Task to carry out ->
Retype word for word the stretch of entries below from the line that has "Porter des chaussures" through the line that has "Archivo - LETIZIA", and omit the pictures.

Records from a data collection ->
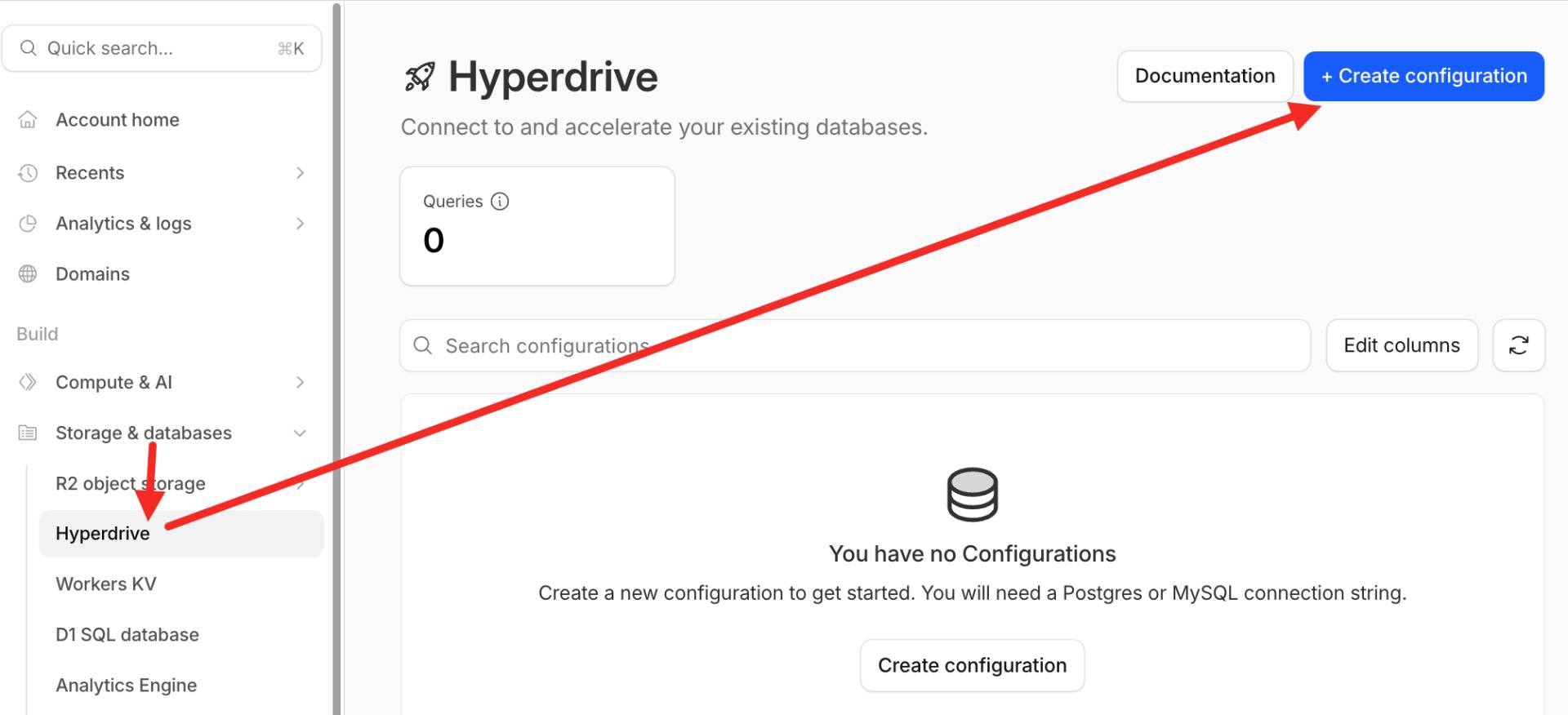 进入 Cloudflare 控制台,在 Storage & databases -> Hyperdrive 页面点击 Create configuration 按钮,创建 Hyperdrive 配置。
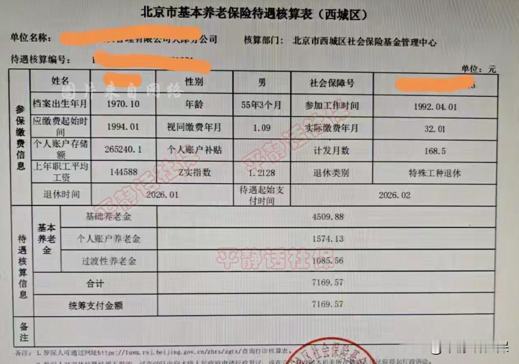这是一位北京退休老哥的疑问,搞不清楚表中的过渡性养老金是怎么来的? 简单介绍一下,男性,1970年10月生人,2026年2月退休,特殊工种退休,退休时年龄是55岁3个月。1992年4月参加工作,1994年1月开始缴费,视同缴费1年9个月,实际缴费32年1个月,指数1.2128,个人账户本息累计26.52万。 养老金的核定结果为:基础养老金4509.88元,个人账户养老金1574.13元,过渡性养老金1085.56元,三项合计7169.57元。 前两项没有任何疑问,老哥疑惑的是第3项过渡性养老金是怎么来的? 按照北京过渡性养老金的计算方法,他的过渡性养老金分为两段: 1、1992年4月到199493年12月,共1.75年。2、1994年1月至1998年6月,共4.50年。 但由于是特殊工种退休,存在特殊工种折算年限 第1段1.75年折算后为2.1875年,第2段4.50年折算后为5.625年。 再按照北京的养老金计算公式. 第一段:12049*1*2.1875*1%=263.58元 第二段:12049*1.2128*5.625*1%=821.98元 两项共1085.56元,则刚好对得上表中的数。 因此可以判断,这位大哥从事的是高温井下1.25的折算系数。 个人分析,仅供参考。
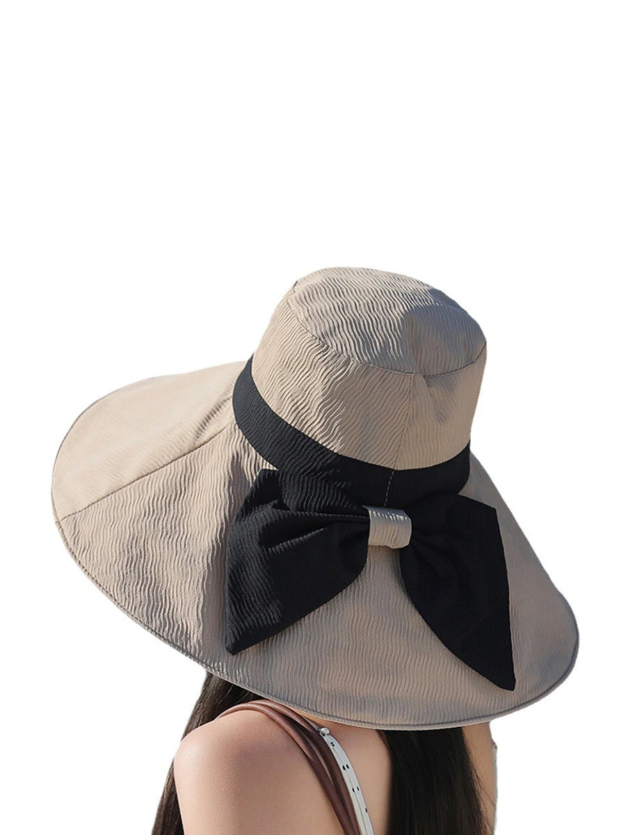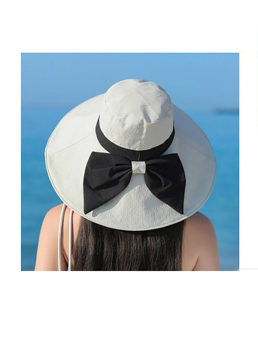 Women Summer Colorblock Sunproof Bowknot Hat QW1022
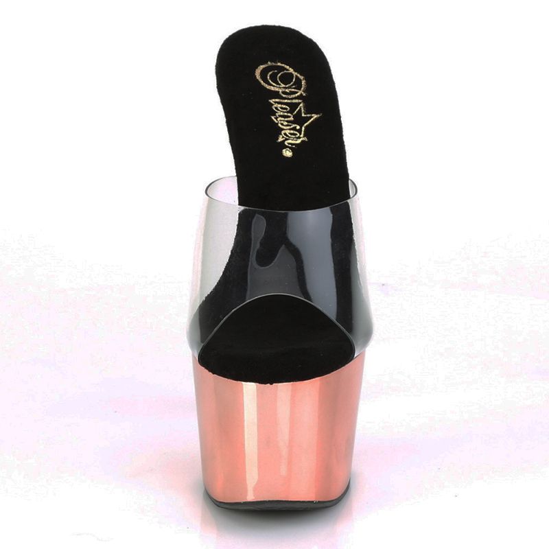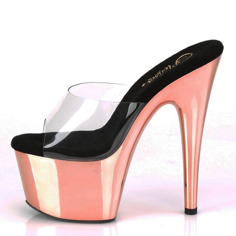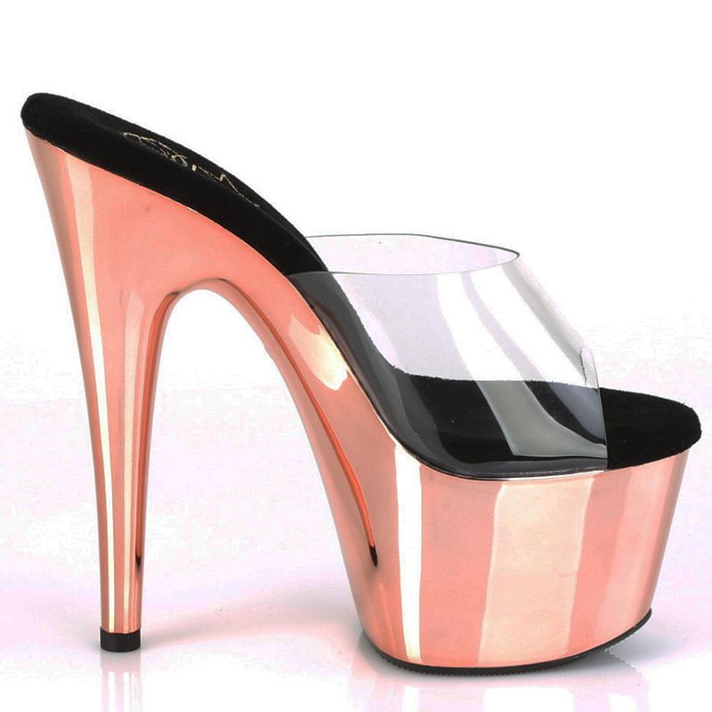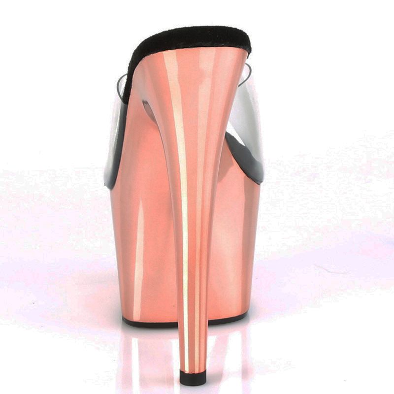 Porter des chaussures Stripper dans l'intimité de votre couple, c'est l'assurance de séduire votre partenaire de manière très inattendue. Ces mules transparentes fascinent toujours les hommes qui aiment les talons hauts, vos pieds sont mis en valeur avec une tendance fétichiste dont la marque américaine Pleaser à le secret, un talon fin vertigineux qui allonge nos jambes et sculpte notre démarche ou notre danse, une plateforme avant qui diminue fortement la cambrure, notez les finitions chromées roses du plus bel effet, confort maximal avec la semelle intérieure microfibre exclusive qui évite tout risque d'échauffement. Une exclusivité de notre shop, disponible dans différentes couleurs, sans oublier, pour celles qui chaussent grand, les pointures extrêmes sont vendues sans aucune majoration de prix.
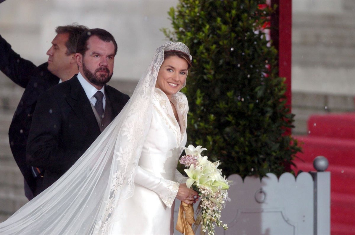 Archivo - LETIZIA ORTIZ ENTRA A LA ALMUDENA DEL BRAZO DE SU PADRE JESUS ORTIZ - EUROPA PRESS REPORTAJES - Archivo
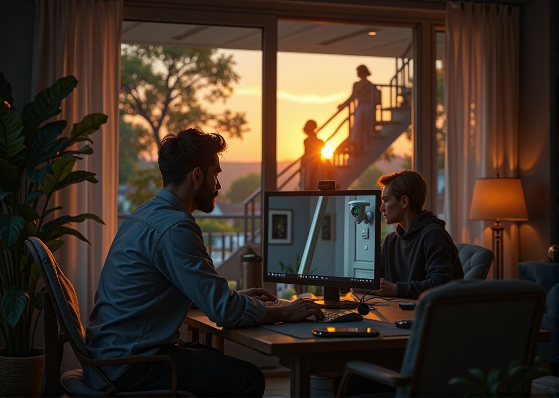 Витражная дверь отражала черный зимний вечер. В прихожей лег тонкий ледяной свет от уличного фонаря, перемешиваясь с теплом ламп — в этом контрасте Борис различал все: недосказанности в доме, дыхание под потолком, ускользающую правду в усталых глазах жены. Скрип ключа был резким, будто нота на скрипке. Борис снял пальто, повесил его на крючок. Ни звука. Взгляд скользнул по монитору на комоде — весь дом, кроме одного участка на чердаке, был под наблюдением камер. «Привет», — тихо сказал, будто в пустоту. Жена не ответила. Только легкий шум посуды из кухни. Там — она, Ира, привыкшая к этому дому, к контролю и аккуратности мужа, но не к собственным страхам. Неровные ступени скрипели. Чердак в доме был единственным уголком без глаза камеры. Здесь пахло древесиной и плесенью, стояли старые книги и коробки с детскими рисунками. Ира частенько уходила сюда, бросая на мужа короткие взгляды — тогда, когда казалось, будто он смотрит на нее не глазами, а через объектив. «Есть хочешь?» — спросила ж
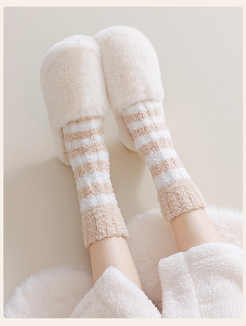산호 벨벳 양말 여자의 가을과 겨울 중간 길이 양말 기모 두꺼운 달 양말 가정 수면 느슨한 긴 튜브 바닥 양말
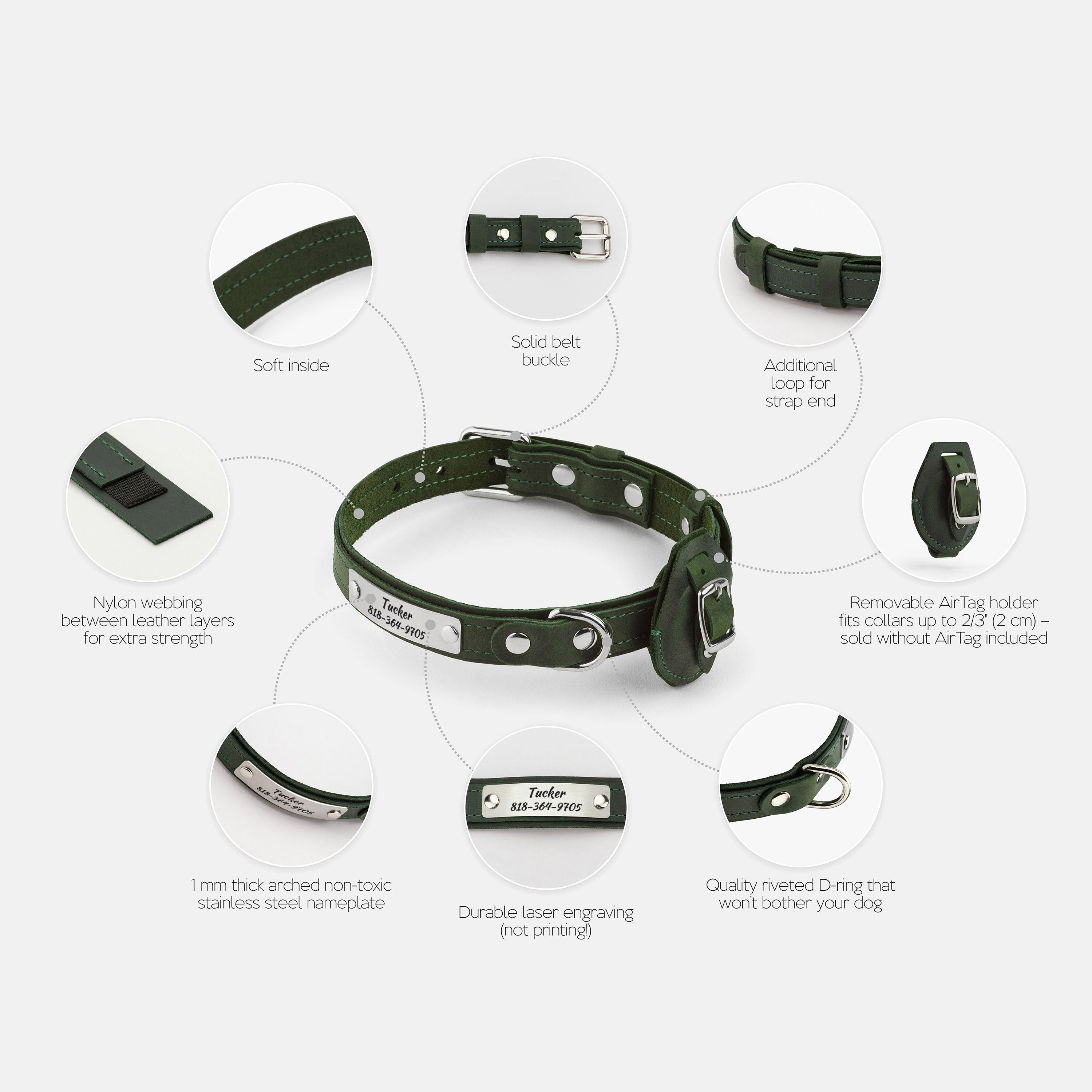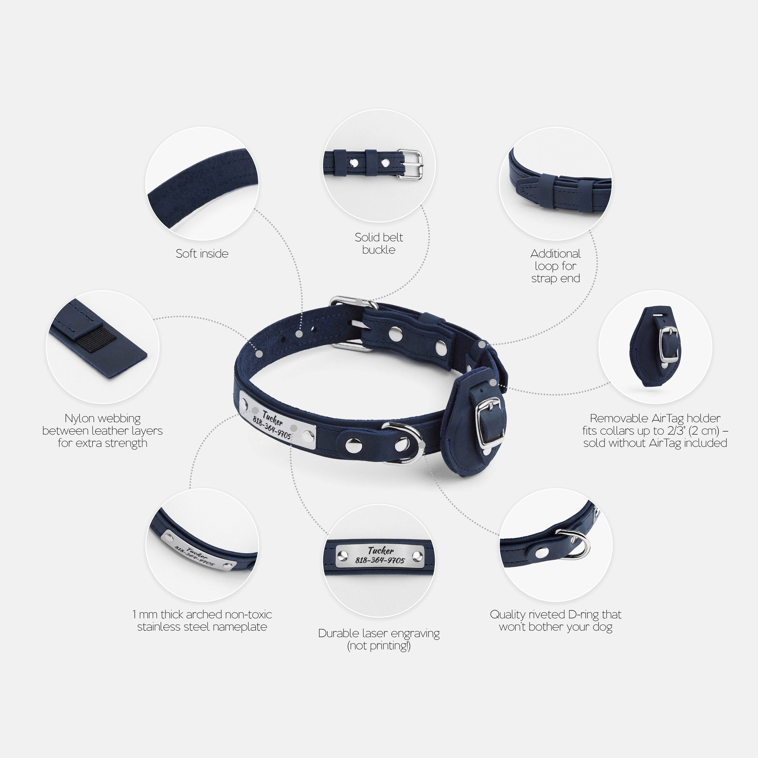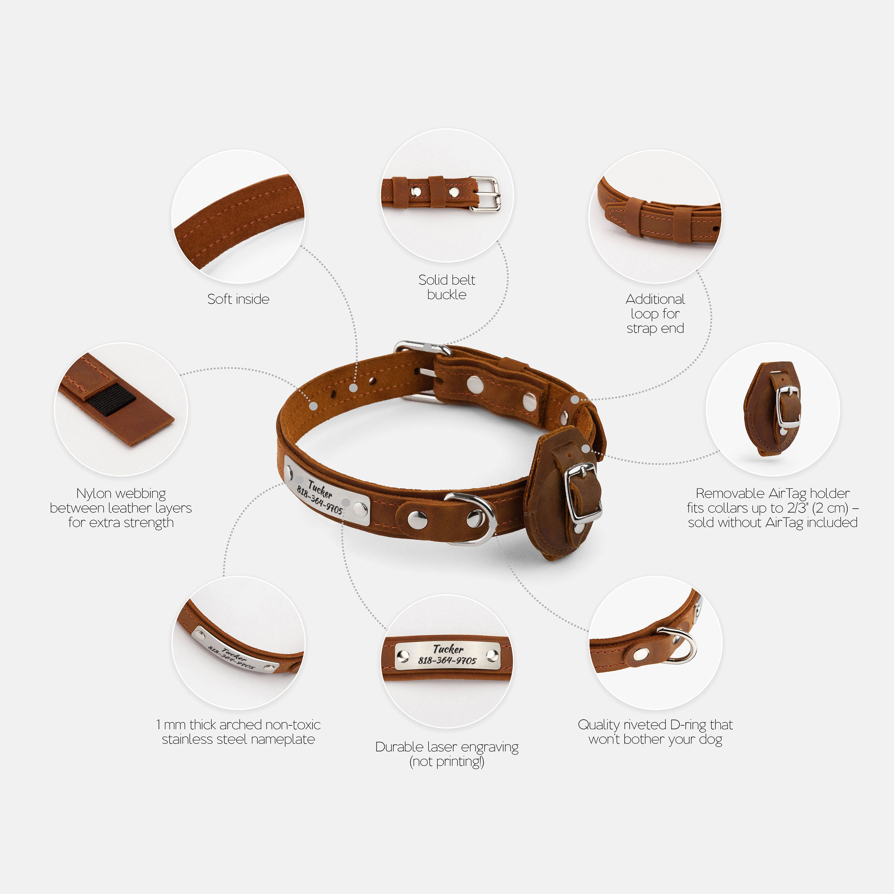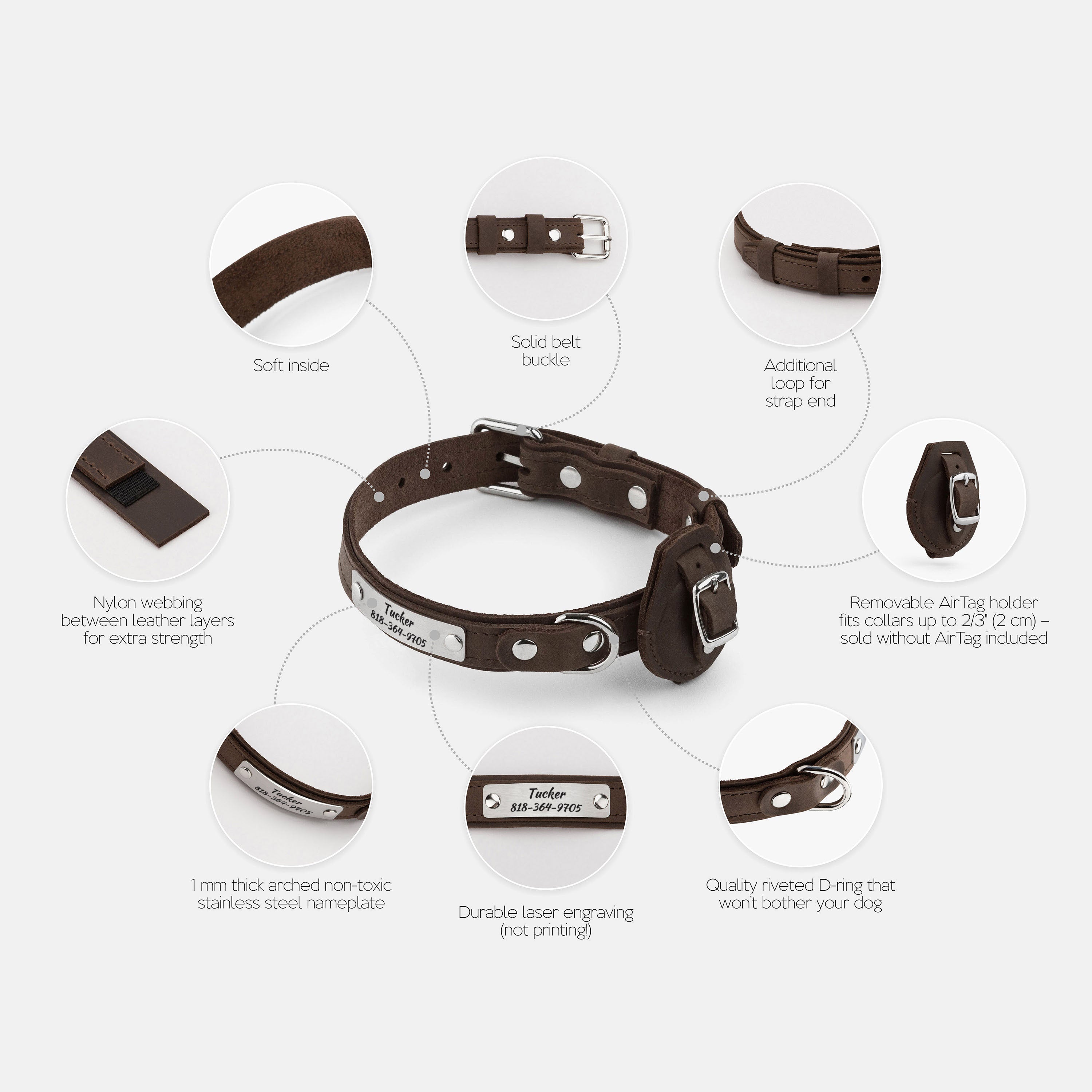 - Removable matching leather AirTag holder; fits collars up to 3/4" (2 cm) wide (AirTag not included)

Result below ->
 Porter des chaussures Stripper dans l'intimité de votre couple, c'est l'assurance de séduire votre partenaire de manière très inattendue. Ces mules transparentes fascinent toujours les hommes qui aiment les talons hauts, vos pieds sont mis en valeur avec une tendance fétichiste dont la marque américaine Pleaser à le secret, un talon fin vertigineux qui allonge nos jambes et sculpte notre démarche ou notre danse, une plateforme avant qui diminue fortement la cambrure, notez les finitions chromées roses du plus bel effet, confort maximal avec la semelle intérieure microfibre exclusive qui évite tout risque d'échauffement. Une exclusivité de notre shop, disponible dans différentes couleurs, sans oublier, pour celles qui chaussent grand, les pointures extrêmes sont vendues sans aucune majoration de prix.
 Archivo - LETIZIA ORTIZ ENTRA A LA ALMUDENA DEL BRAZO DE SU PADRE JESUS ORTIZ - EUROPA PRESS REPORTAJES - Archivo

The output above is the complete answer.